» Problem to solve: Could you write out, exactly, every line from the top of the data through the line holding "Welcome to your"? Omit the pictures.

------

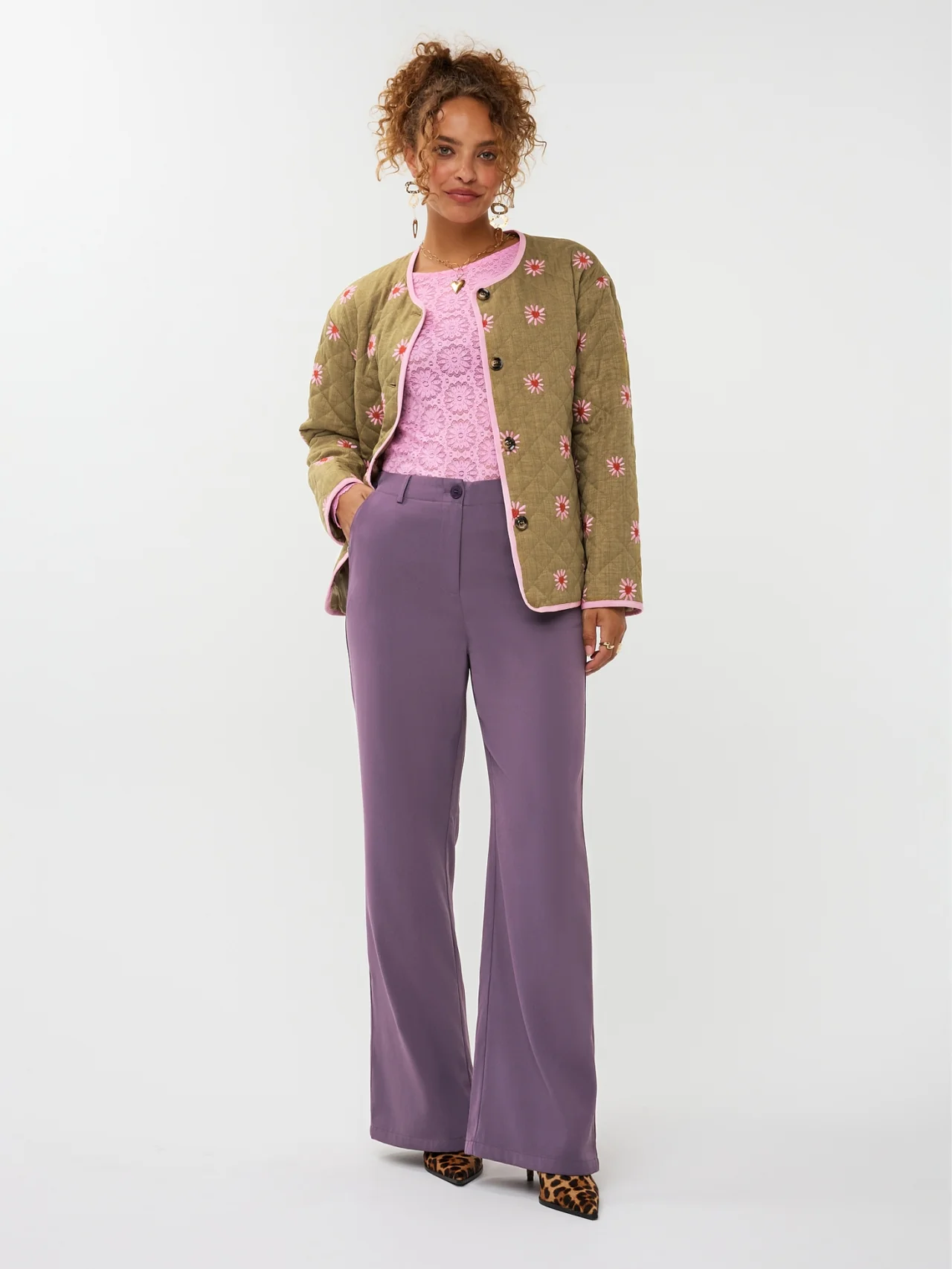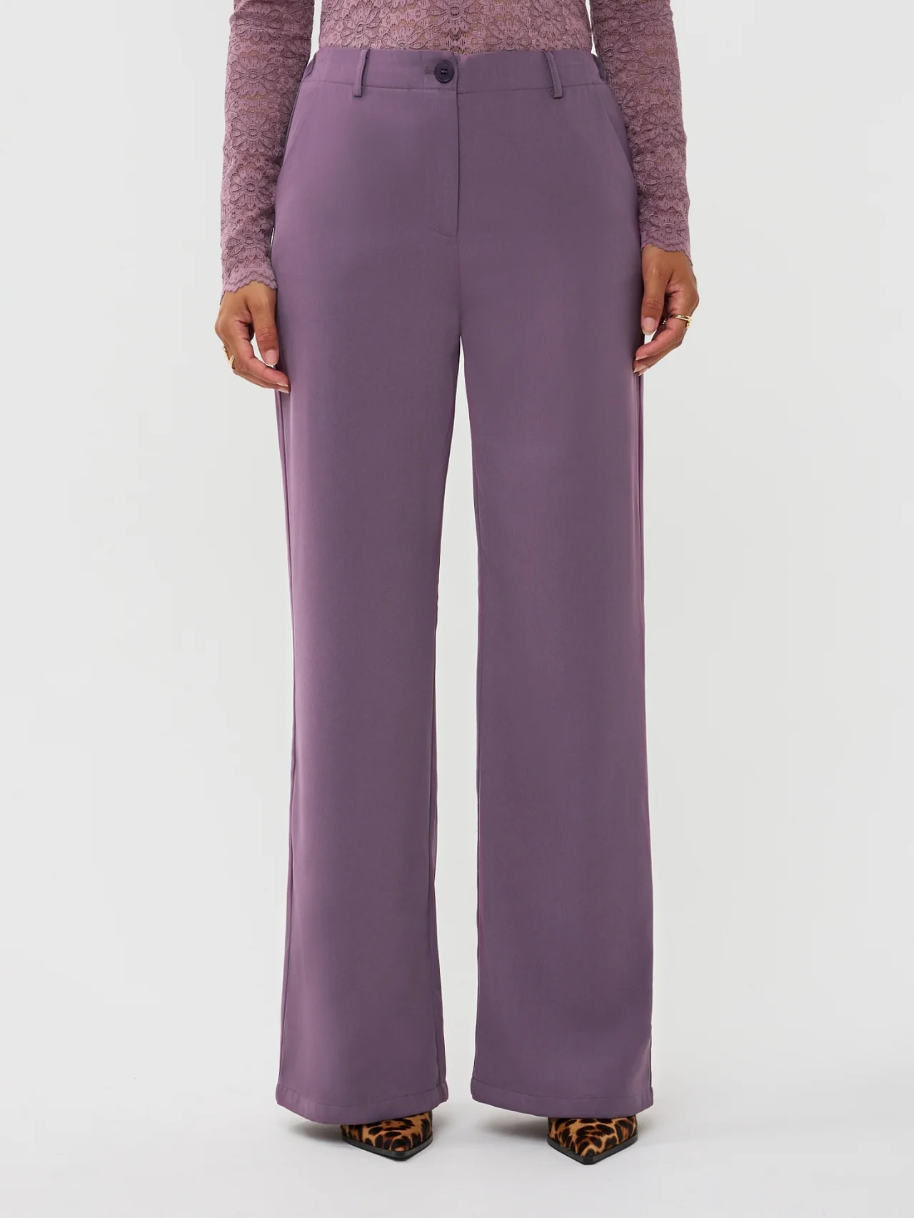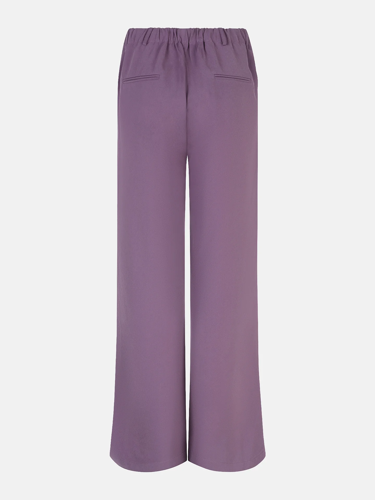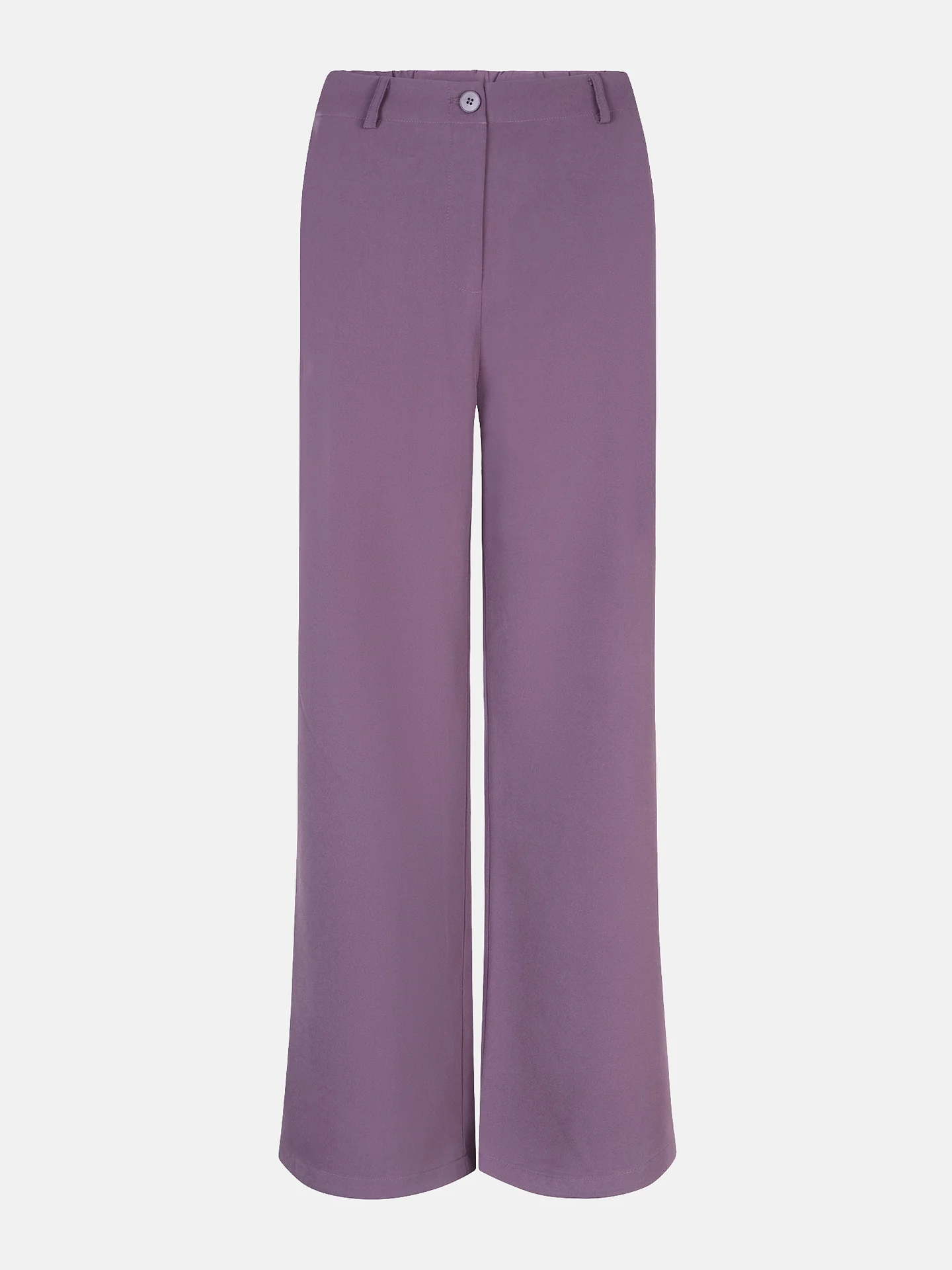 Pants Solange is een elegante pantalon met wijde, rechte pijpen. De pantalon heeft steekzakken aan de voorzijde en faux zakken aan de achterzijde. De pantalon sluit met een knoop- en ritssluiting en heeft een elastische tailleband aan de achterzijde. De pantalon is gemaakt van een rijke stof bestaande uit polyester en rayon. De lengtemaat is 108 cm en de binnenbeen lengte is 80 cm bij een maat S.
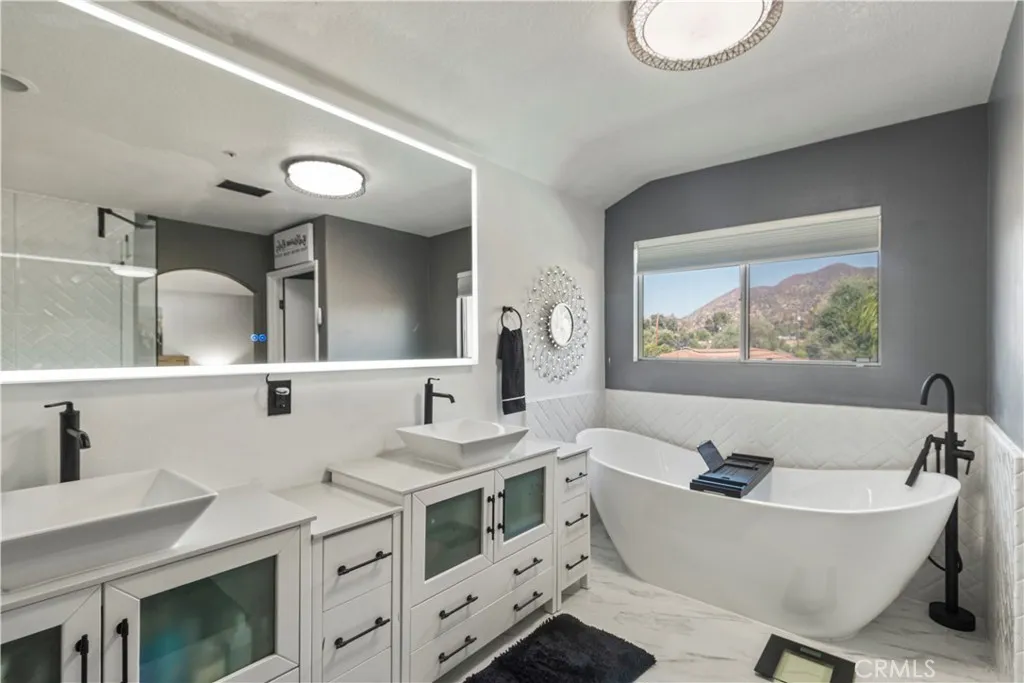 Welcome to your private retreat inside an exclusive gated community in Sylmarwhere luxury living meets smart investing. This beautifully remodeled four-bedroom, three-bath home offers nearly 2,200 sq. ft. of open, light-filled living space with cathedral ceilings, plantation shutters, and modern finishes throughout. The chefs kitchen features granite countertops, travertine backsplash, and a large picture window framing stunning mountain views and your entertainers backyard. Every detail has been upgraded for comfort and efficiency, from the durable vinyl flooring and all-new lighting to the 2025 HVAC system and Tesla solar setup. The primary suite feels like a resort, complete with dual walk-in closets, soaking tub, and walk-in rain shower. Step outside to a private backyard paradiseheated pool and spa with LED app-controlled lighting, oversized covered patio, and lush privacy ficus trees. Heres the game changer: this home includes an assumable loan at 3.5%a rare opportunity for qualified buyers to save thousands over the life of the loan. Located on a quiet cul-de-sac in a secure gated community with easy access to schools, shopping, and major freeways, this home blends elegance, energy efficiency, and financial advantage. Dont waitschedule your private showing today and take advantage of this exceptional offer before its gone!
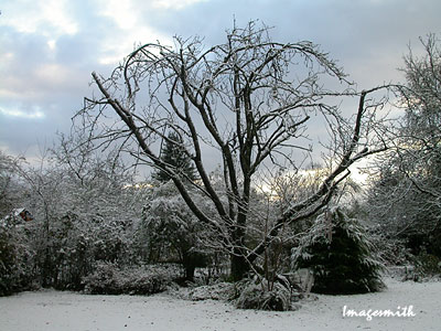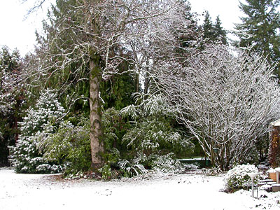 All the snow fell the night before, starting at about 8 p.m. There was only about an inch total, and by the morning it had settled some, but still, it was fun to see the yard dressed out in white. |
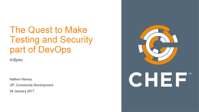 tool. While Ohai’s primary purpose is setting up the context of a chef-client run by discovering and setting system attributes, it can be used in many custom applications. Chef-client includes Ohai data during every run. Chef can take action based on attributes detected and set by Ohai. Test-kitchen is a test harness tool to execute your configuration code on one or more platforms in isolation. It allows you to quickly model and test proposed changes on non-critical systems. All Chef cookbooks should be setup with test-kitchen verifications embedded in them. InSpec is a human- readable language for automated testing and compliance auditing of your entire infrastructure. These tests are useful for verifying that your servers and applications are configured correctly. InSpec tests are extensible with metadata that leverages the compliance features of Chef Automate to assist with continuous compliance reporting. Chef-client & Ohai Test-kitchen InSpec & Chef Automate Workflow • Local development • Integration • Tooling (APIs & SDKs) COLLABORATE ▪ Package ▪ Test BUILD Infrastructure Automation Compliance Automation Application Automation ▪ Secure ▪ Comply MANAGE OSS AUTOMATION ENGINES ▪ Provision ▪ Configure DEPLOY
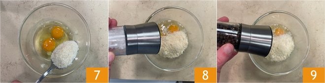 Break the eggs into a bowl, then add grated Parmigiano Reggiano 7, a pinch of salt 8 and a little black pepper 9.
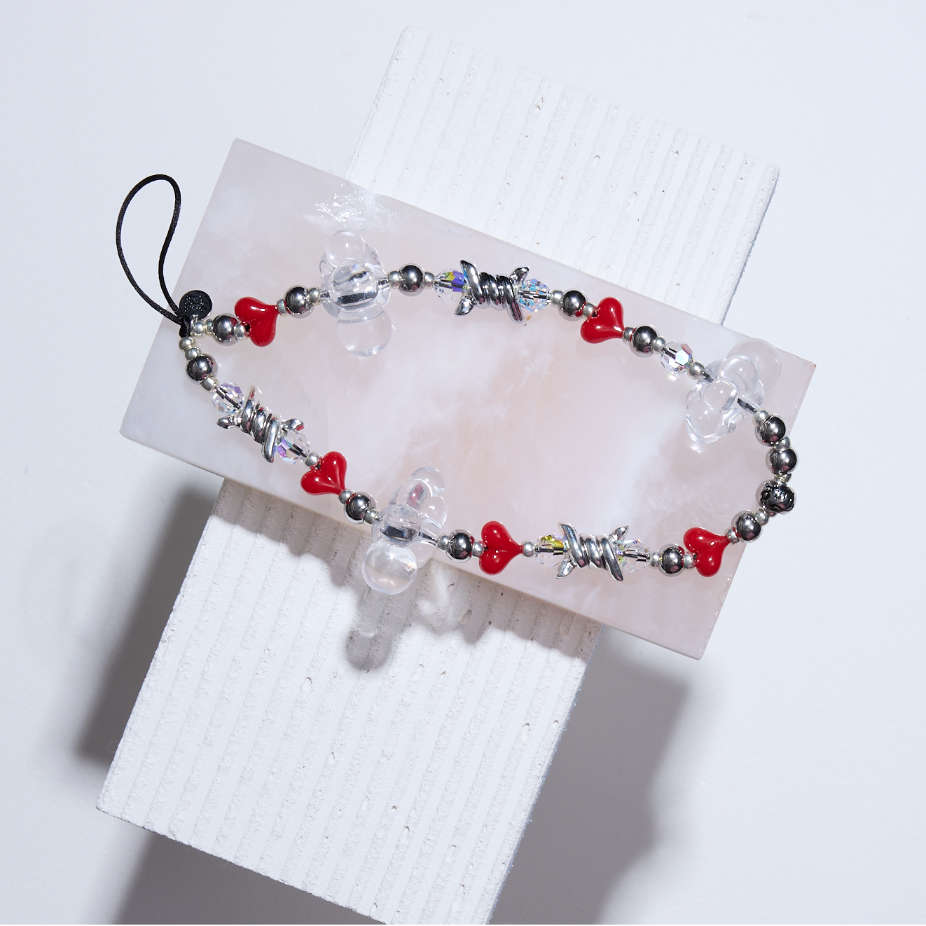 When hearts meet rebellion in the softest way. Our signature mini red hearts float between translucent jelly clouds and edgy alloy barb wire for a look that's tough enough for the streets but sweet enough for your soul.
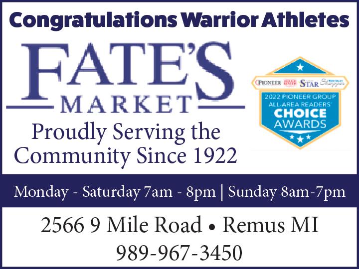 PIONEER Community Advertiser FREE Contact Us at (231)796-4831 March 25, 2024 FREE ESTIM ATES FREE L O ANER C AR Deduc tible?? We C an Help! 89 Nor th 3rd I Sand Lake ( 616 ) 636 - 5341 NEWAYGO 8003 Mason Dr 231.652.5991 HARDY DAM 6245 E 36th St 231.689.5607 • Chainsaws • Lawn Mowers • Power Washers • Leaf Blowers • Snow Blowers • Generators REPAIR & SALES Specializing in Chainsaw Sharpening & Repair 2 Locations to Serve You TIMBERLAND EQUIPMENT Powe r Equipment Sales & Ser vice BUY NOW AND SAVE 10% OFF SELECT PRODUCTS! CALL FOR DISCOUNT DETAILS WE OFFER FINANCING & SET UP & DELIVERY ALL OVER MICHIGAN! COME SEE US FOR ALL YOUR SHELTER NEEDS! (231) 689-8283 SHEDS STARTING AT $2,242.00 OUTDOOR FURNITURE MANY OPTIONS TO CHOOSE FROM QUALITY, AFFORDABLE HAND CRAFTED STRUCTURES WITH MANY OPTIONS TO CHOOSE FROM! ON SALE NOW! DEER BLINDS STARTING AT $2,025 HORSE SHELTERS STA RTING AT $1 700 00 6977 E Baseline Road White Cloud MI 49349 EMAIL: KaufmansCustomStr tures@ibyfax.c Delivery available throughout the entire state of Michigan! Financing and Rent to Own options available* CALL TODAY FOR DETAILS! ON SALE NOW! ON SALE NOW ! BODY Monday, March 25t h - Sunday, March 31st, 2024 Sor r y, No R ainc hec k s Pr icing Good While Supplies Last 9559 S M-37 Baldw in, MI 231-745-2761 Store Hours : or Sunday - S t d y 8am - 8pm ay CUR BSIDE PICK UP AVAIL A BLE: 10am - 6pm Give Us A Call SENIOR DAY: W hite Cloud - Tuesday Baldw in - Thursday LAND O’ LAKES BUTTER 13-16 OZ ASST. $4.99 SARA LEE FRUIT PIES OR CHEESECAKE 17-34 OZ ASST $4.99 SWANSON BROTH 32 OZ ASST 2/$4 CAMPBELL’S CREAM OF CHICKEN OR CREAM OF MUSHROOM SOUP 10 5 OZ 4/$5 MARIE CALLENDER’S FRUIT OR CREAM PIES 24.5-42 OZ ASST $5.99 PEPPERIDGE FARM LAYER CAKES 19 6 OZ ASST OR TURNOVERS 12.5 OZ ASST $3.99 GOLD MEDAL FLOUR 5 LB BAG $3.49 47 S Charles W hite Cloud, MI 231-689-1280 ASPARAGUS $1.49/LB DORITOS 9.25-10 OZ ASST BUY 1 GET 1 FREE LITTLE DEBBIE EASTER SNACKS 9.2-12.75 OZ ASST 2/$5 AUNT MILLIE S STADIUM BUNS 8 CT 2/$5 AUNT MILLIE S HAWAIIAN DINNER ROLLS 12 CT $3.29 FRITO LAY PARTY SIZE $5.49 CANTALOUPE OR DOLE PINEAPPLE EACH $2.99 www.housemansfoods.com AUNT MILLIE’S HONEY WHEAT 22 OZ ARTISAN WHITE 20 OZ TEXAS TOAST 22 OZ 2/$5 OUR FAMILY FROZEN TURKEYS LIMIT 1 PER CUSTOMER 49¢/LB HOUSEMAN’S HOMEMADE POLISH SAUSAGE $4.99/LB BUY 5 SAVE $5 MIX N MATCH SALE PEPSI PRODUCTS COOL WHIP 8 OZ $1.99 KRAFT OR CRACKER BARREL CHEESE SHREDS CHUNKS CUTS OR CUBES 6 4-8 OZ ASST PHILADELPHIA CREAM CHEESE BRICK 8 OZ ASST SALE PRICE: $2 99 BUY 5 SAVE 5: -$1.00 FINAL PRICE: $1.99 SALE PRICE: $3 49 BUY 5 SAVE 5: -$1.00 FINAL PRICE: $2.49 SALE PRICE: $3 99 BUY 5 SAVE 5: -$1.00 FINAL PRICE: $2 99 y Sat urday ARMOR 16 OZ ASST 3/$5 y 6 PK 16 9 OZ BTLS ASST 3/$12 + dep 7-UP PRODUCTS 12 PK 12 OZ CANS ASST 2/$10+DEP COKE PRODUCTS 12 PK 12 OZ CANS ASST 2/$13.98+DEP PEPSI PRODUCTS 2 LTR BTLS ASST BUY 2 GET 2 FREE FRESH ALL NATURAL BONELESS HALF PORK LOINS $1.99/LB KRAFT MIRACLE WHIP, MAYONNAISE OR HELLMANN’S MAYONNAISE 30 OZ ASST MAXWELL HOUSE COFFEE 22-31 OZ ASST GENERAL MILLS CHEX CEREALS 12-14 OZ ASST SALE PRICE: $5 99 BUY 5 SAVE 5: -$1.00 FINAL PRICE: $4 99 SALE PRICE: $7 99 BUY 5 SAVE 5: -$1.00 FINAL PRICE: $6.99 SALE PRICE: $2 99 BUY 5 SAVE 5: -$1.00 FINAL PRICE: $1.99 NABISCO SNACK CRACKERS OR RITZ CRACKERS 3.5-13.7 OZ ASST CLEAN, COMFOR TABLE, STATE OF THE AR T FACILITY COMPLETE AUTO & TRUCK SERVICE Mon - Fri: 8am -5:30pm 14905 220th Ave., Big Rapids, MI 49307 231.796.8320 WWW.QUALITYCARANDTRUCKREPAIR.COM IMPORT & DOMESTIC NIGHT DROP BOX MOST EXTENDED WARRANTIES HONORED • CUSTOMER SHUTTLE (LIMITED AREA) $ 21 .9 5 OIL CHANGES CALL FOR DETAILS! STARTING AT Contact us today! 231-924-9762 3225 S Croswell Fremont, MI 49412 EJ MILLER F EED S LLC SPRING CHICKS AVAILABLE !

------

» The answer:
 Pants Solange is een elegante pantalon met wijde, rechte pijpen. De pantalon heeft steekzakken aan de voorzijde en faux zakken aan de achterzijde. De pantalon sluit met een knoop- en ritssluiting en heeft een elastische tailleband aan de achterzijde. De pantalon is gemaakt van een rijke stof bestaande uit polyester en rayon. De lengtemaat is 108 cm en de binnenbeen lengte is 80 cm bij een maat S.
 Welcome to your private retreat inside an exclusive gated community in Sylmarwhere luxury living meets smart investing. This beautifully remodeled four-bedroom, three-bath home offers nearly 2,200 sq. ft. of open, light-filled living space with cathedral ceilings, plantation shutters, and modern finishes throughout. The chefs kitchen features granite countertops, travertine backsplash, and a large picture window framing stunning mountain views and your entertainers backyard. Every detail has been upgraded for comfort and efficiency, from the durable vinyl flooring and all-new lighting to the 2025 HVAC system and Tesla solar setup. The primary suite feels like a resort, complete with dual walk-in closets, soaking tub, and walk-in rain shower. Step outside to a private backyard paradiseheated pool and spa with LED app-controlled lighting, oversized covered patio, and lush privacy ficus trees. Heres the game changer: this home includes an assumable loan at 3.5%a rare opportunity for qualified buyers to save thousands over the life of the loan. Located on a quiet cul-de-sac in a secure gated community with easy access to schools, shopping, and major freeways, this home blends elegance, energy efficiency, and financial advantage. Dont waitschedule your private showing today and take advantage of this exceptional offer before its gone!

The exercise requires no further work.